Dataset section ::
=== Section Start ===

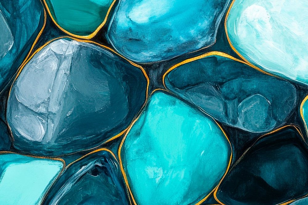 A harmonious interplay of bright turquoise tones and golden accents immediately attracts the eye. The gentle transitions between the smooth, mineral shapes are reminiscent of calming water surfaces and bring with them a natural elegance. Ideal for the living room to create an atmosphere of relaxation and inspiration.
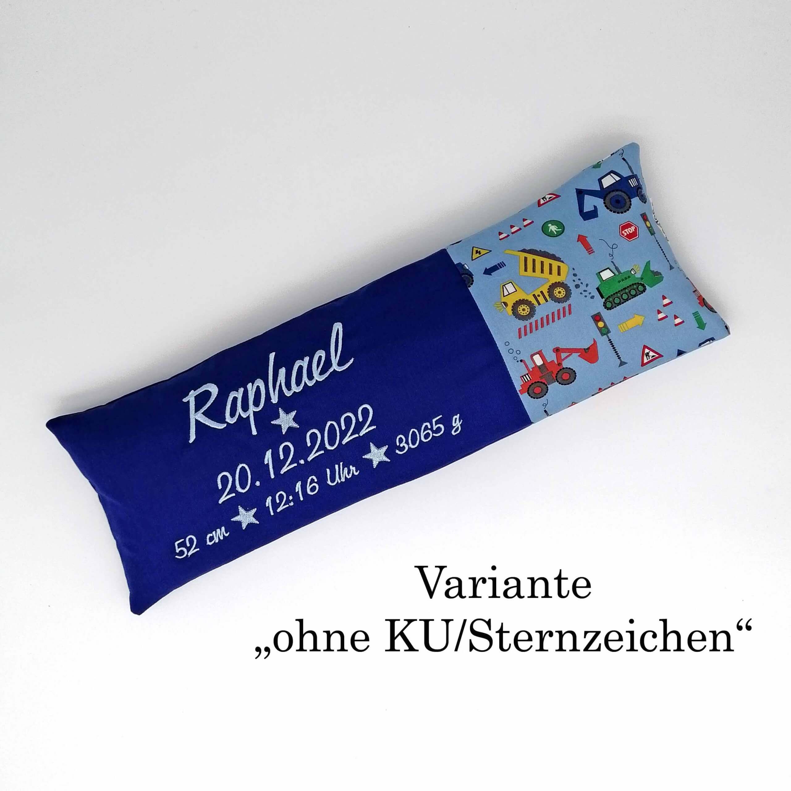 Die Geburtskissen von BagToBe sind das ideale Geschenk zur Geburt, als lange bleibende Erinnerung und auch für Meilenstein-Fotos. Sie werden nach den Maßen des Babys genäht. Innen ist ein Innenkissen, welches mit Reis gefüllt ist (bzw. man selbst mit Reis oder ähnlichem füllt, wenn man es ohne Füllung bestellt). Es besitzt einen Reißverschluss, sodass man den Reis zum Beispiel fürs Waschen herausleeren und einfach wieder einfüllen kann. Der Bezug ist mit einem Hotelverschluss ausgestattet und somit schnell und einfach abnehmbar und ebenfalls waschbar. Folgende Maße hat das Kissen: Länge des Kissens: Größe des Kindes (Abweichung +-1cm) Umfang des Kissens: Kopfumfang des Kindes (+-1 cm) Füllung: Gewicht des Kindes (+-50g) Hinweis: Zum Wiegen verwende eine Babywaage oder eine Küchenwaage. Die Länge des Kissens wird von Ecke zu Ecke gemessen. Für die Messung des Umfangs den Reis gleichmäßig verteilen. Um das Kissen individualisieren zu können brauche ich von dir folgende Angaben: --> das Gewicht des Kindes --> die Größe und den Kopfumfang (wird der Kopfumfang nicht angegeben verwende ich einen Durchschnittswert) --> den Namen --> das Geburtsdatum und die Uhrzeit --> ev. das Sternzeichen (je nach gewählter Variante) Bitte kontrolliere die Daten sorgfältig! Die Lieferzeit beträgt 4-8 Werktage. Wichtiger Hinweis: das Kissen ist kein Spielzeug und darf nicht unbeaufsichtigt in die Nähe des Kindes gelangen!
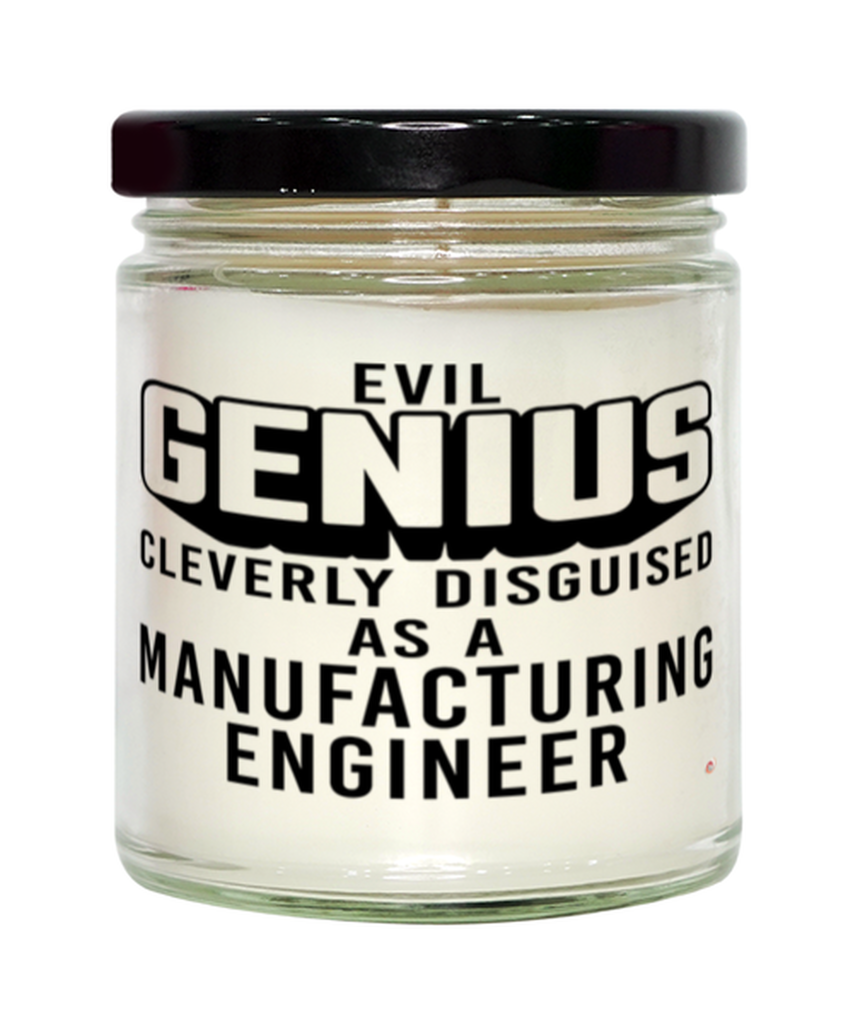 Funny Manufacturing Engineer Candle Evil Genius Cleverly Disguised As A Manufacturing Engineer 9oz Vanilla Scented Candles Soy Wax

=== Section End ===

What you have to do :: Leave out all pictures, then copy the remaining material exactly.

Solution for this exercise ::
 A harmonious interplay of bright turquoise tones and golden accents immediately attracts the eye. The gentle transitions between the smooth, mineral shapes are reminiscent of calming water surfaces and bring with them a natural elegance. Ideal for the living room to create an atmosphere of relaxation and inspiration.
 Die Geburtskissen von BagToBe sind das ideale Geschenk zur Geburt, als lange bleibende Erinnerung und auch für Meilenstein-Fotos. Sie werden nach den Maßen des Babys genäht. Innen ist ein Innenkissen, welches mit Reis gefüllt ist (bzw. man selbst mit Reis oder ähnlichem füllt, wenn man es ohne Füllung bestellt). Es besitzt einen Reißverschluss, sodass man den Reis zum Beispiel fürs Waschen herausleeren und einfach wieder einfüllen kann. Der Bezug ist mit einem Hotelverschluss ausgestattet und somit schnell und einfach abnehmbar und ebenfalls waschbar. Folgende Maße hat das Kissen: Länge des Kissens: Größe des Kindes (Abweichung +-1cm) Umfang des Kissens: Kopfumfang des Kindes (+-1 cm) Füllung: Gewicht des Kindes (+-50g) Hinweis: Zum Wiegen verwende eine Babywaage oder eine Küchenwaage. Die Länge des Kissens wird von Ecke zu Ecke gemessen. Für die Messung des Umfangs den Reis gleichmäßig verteilen. Um das Kissen individualisieren zu können brauche ich von dir folgende Angaben: --> das Gewicht des Kindes --> die Größe und den Kopfumfang (wird der Kopfumfang nicht angegeben verwende ich einen Durchschnittswert) --> den Namen --> das Geburtsdatum und die Uhrzeit --> ev. das Sternzeichen (je nach gewählter Variante) Bitte kontrolliere die Daten sorgfältig! Die Lieferzeit beträgt 4-8 Werktage. Wichtiger Hinweis: das Kissen ist kein Spielzeug und darf nicht unbeaufsichtigt in die Nähe des Kindes gelangen!
 Funny Manufacturing Engineer Candle Evil Genius Cleverly Disguised As A Manufacturing Engineer 9oz Vanilla Scented Candles Soy Wax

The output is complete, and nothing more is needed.